In the previous version of this patch, I asked about handling of 'free' huge
pages. I did a little digging and IIUC, we do not attempt migration of
free huge pages. The routine isolate_huge_page() has this check:

if (!page_huge_active(page) || !get_page_unless_zero(page)) {
ret = false;
goto unlock;
}

I believe one of your motivations for this effort was memory offlining.
So, this implies that a memory area can not be offlined if it contains
a free (not in use) huge page?

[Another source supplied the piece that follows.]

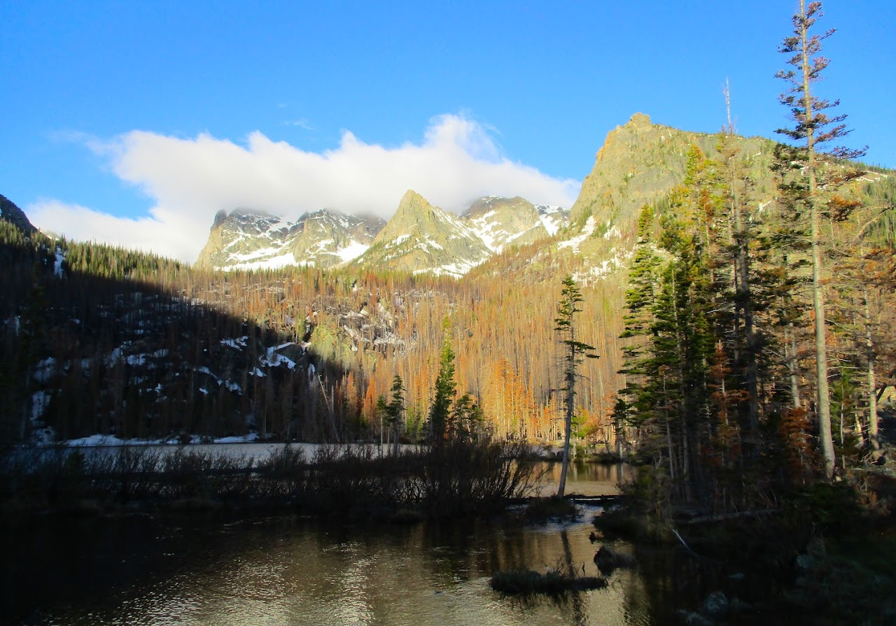 Fern Lake itself is below treeline, but provides great views of 12,129-foot Notchtop Mountain, 11,586-foot Little Matterhorn, 12,331-foot Knobtop Mountain and 11,018-foot The Gable. Just before reaching the shore is the site of the former Fern Lake Backcountry Patrol Cabin. This historic cabin was built in 1925, and functioned as a ranger station until 1949, but was lost in 2020 during the East Troublesome Fire.

Just FYI and may be something we want to
address later.

My other issues were addressed.

Reviewed-by: Mike Kravetz <mike.kravetz@xxxxxxxxxx>
--
Mike Kravetz

> diff --git a/mm/migrate.c b/mm/migrate.c
> index 4d0be47a322a..1e5525a25691 100644
> --- a/mm/migrate.c
> +++ b/mm/migrate.c
> @@ -1323,9 +1323,8 @@ static int unmap_and_move_huge_page(new_page_t get_new_page,
> put_anon_vma(anon_vma);
>
> if (rc == MIGRATEPAGE_SUCCESS) {
> - hugetlb_cgroup_migrate(hpage, new_hpage);
> + move_hugetlb_state(hpage, new_hpage, reason);
> put_new_page = NULL;
> - set_page_owner_migrate_reason(new_hpage, reason);
> }
>
> unlock_page(hpage);
>